The Brazilian competition authority, Conselho Administrativo de Defesa Econômica (CADE) has upheld fines of BRL 3.1 billion (US$ 930 million) against six companies, three trade associations and six individuals found to be operating a cement cartel. The new announcement reaffirms penalties initially announced in May last year, although the authority said it had changed one of the fines.

CADE’s rapporteur for the case, Ana Frazão said, "There have been considerable repercussions of the trial, with media coverage and communication channels, which is why part of the publication's objectives have been achieved."
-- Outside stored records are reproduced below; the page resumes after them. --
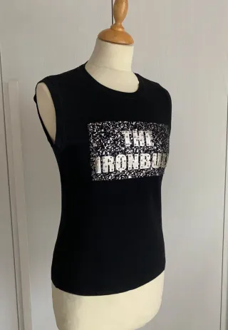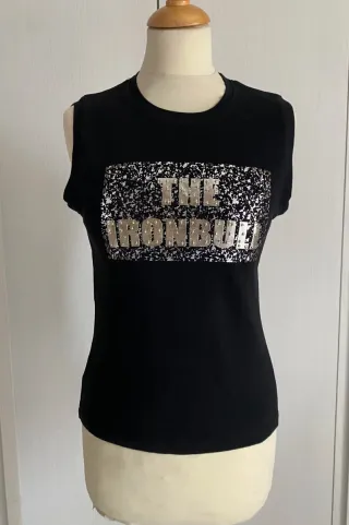 Canotta da donna VNTX con un design accattivante tg S/M, usata ma in ottimo stato, tessuto di cotone, internamente l'etichetta della taglia e della composizione è stata tagliata, colore nero, davanti motivo in rilievo argento, borchie applicate, spalle cm 33, larghezza cm 40, lunghezza cm 54 ( cod cestemet3 nero) M - Tessuto nero. - Dettagli con paillettes argento. - Scritta THE IRONBUILT sul davanti.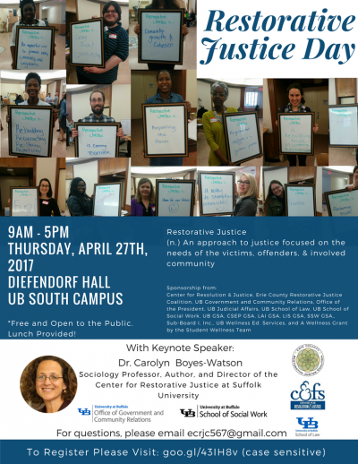 Join us at UB for a full day of Restorative Justice workshops and discussion.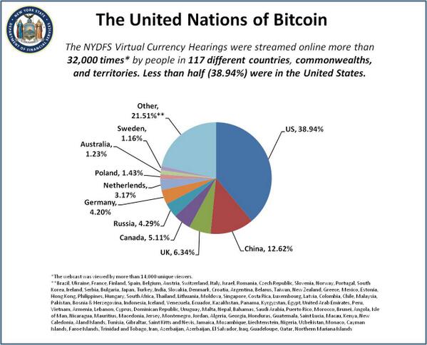 RT @BenLawsky: CHART: United Nations of #Bitcoin. DFS hearings had 14,000+ viewers (32K streams) from 117 countries.pic.twitter.com/mE2Vrw5hAF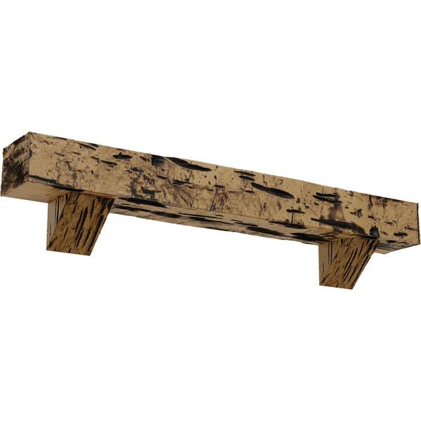 8 in. x 12 in. x 7 ft. Pecky Cypress Faux Wood Fireplace Mantel Kit, Breckinridge Corbels, Natural Golden Oak

The companies implicated in the cartel are Votorantim, Camargo Corrêa, Cimpor, Holcim, Itabira and Lafarge. Lafarge had previously settled its involvement with CADE through the negotiation of divestments and a fine. Since the case started Camargo Corrêa and Cimpor have merged to form InterCement.
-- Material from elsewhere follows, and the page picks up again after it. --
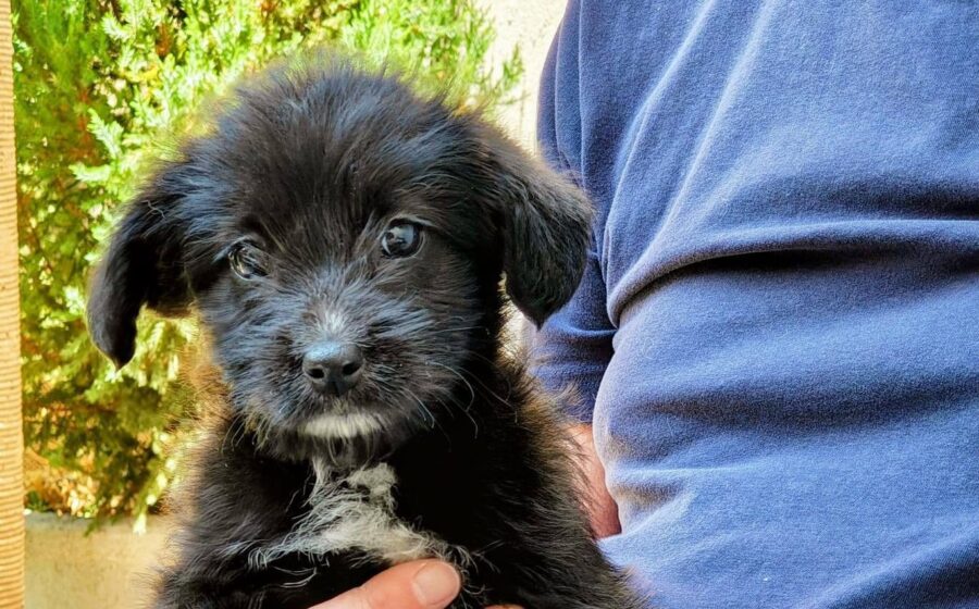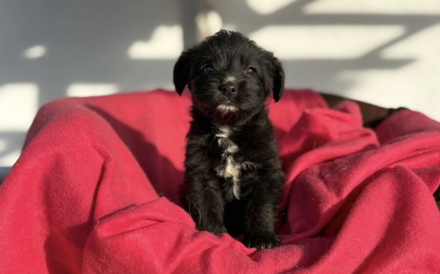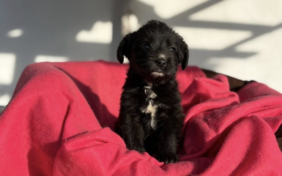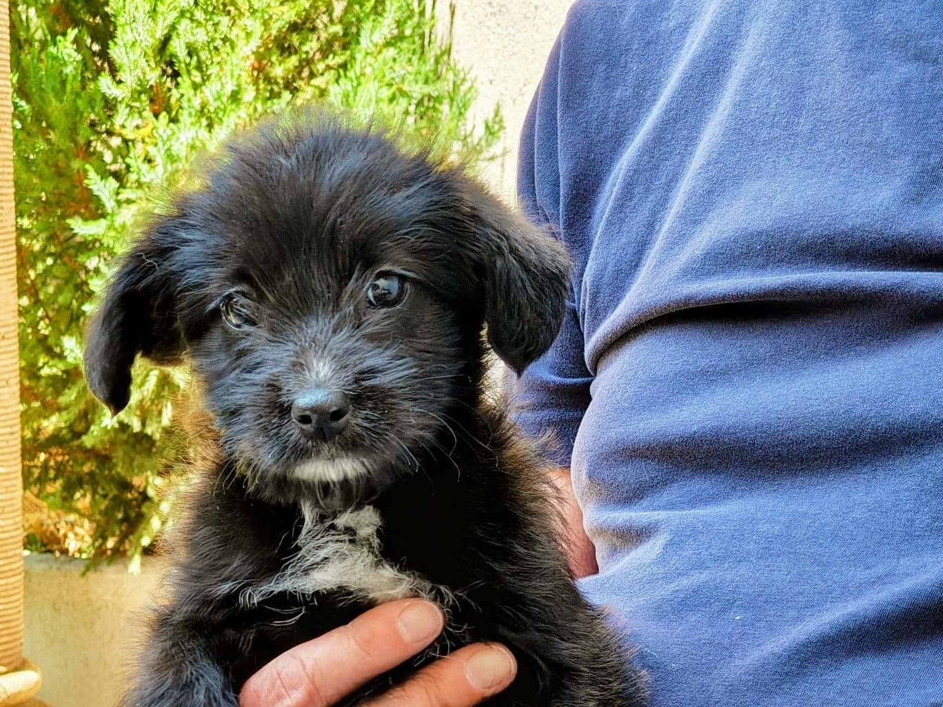 Ruby gehört zu der Sorte Hund, bei der Herzen schmelzen. Mit ihrem schwarzen Wuschelfell, dem weißen Lätzchen, dem kleinen Punkt auf der Nase und dem Blick „Ich war’s nicht, ehrlich!“ hat sie beste Voraussetzungen, in Windeseile zum Mittelpunkt deiner Welt zu werden.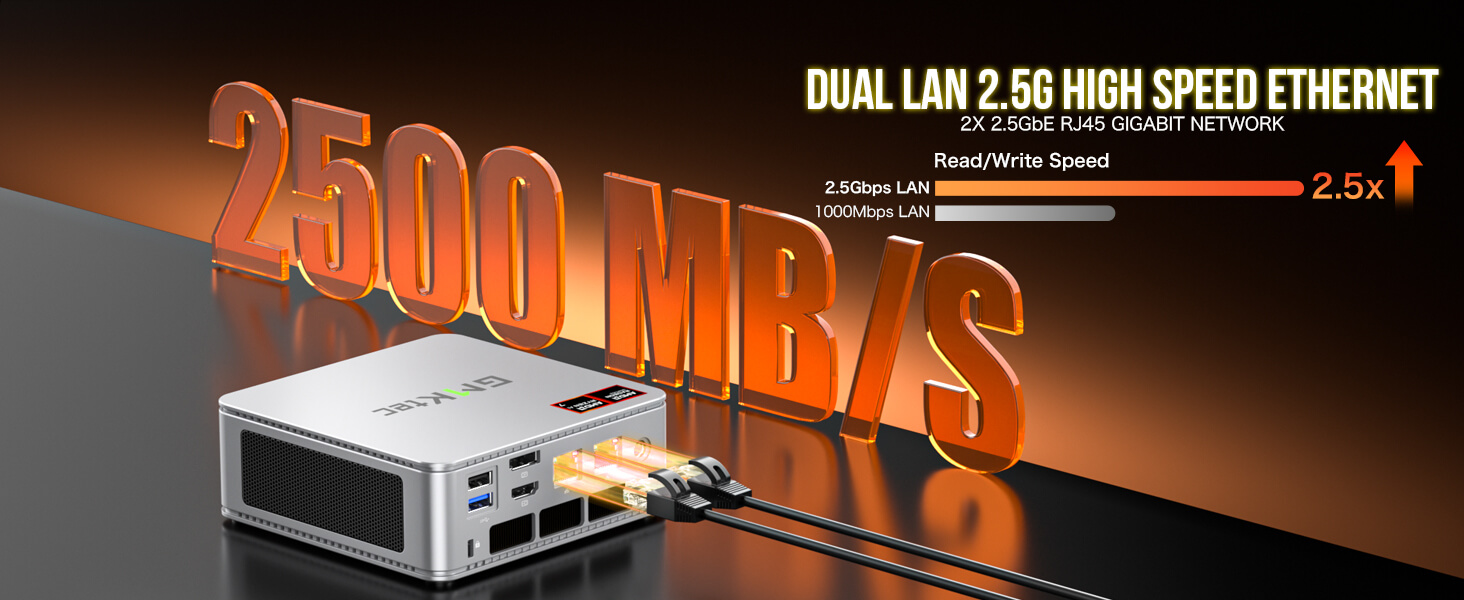 The GMKTec GMKTec NucBox K8 mini PC for business comes pre-installed with Windows 11 Pro, offering a user-friendly interface and a wide range of applications, from office suites to design software and gaming platforms. The inclusion of RZ616 WiFi 6E and Bluetooth 5.2 ensures fast and stable wireless connectivity, while the dual Giga LAN (RJ45) 2.5G ports provide reliable and speedy wired connections. The device also supports auto power-on settings, which can be configured in the BIOS, adding to its convenience.

The convicted parties now have 30 days to pay their fines.

In addition to the fines, CADE has imposed the mandatory divestment of 20% of production capacity in the regions in which any of the six companies own more than one plant. The buyer is not allowed to be another member of the cartel and the ruling applies to all shareholdings in plants, including minority interests.

CADE said the 20% was the minimum market share a new competitor would need to have to enable effective competition.

The cartel companies are also barred from making any acquisitions in the cement sector for five years.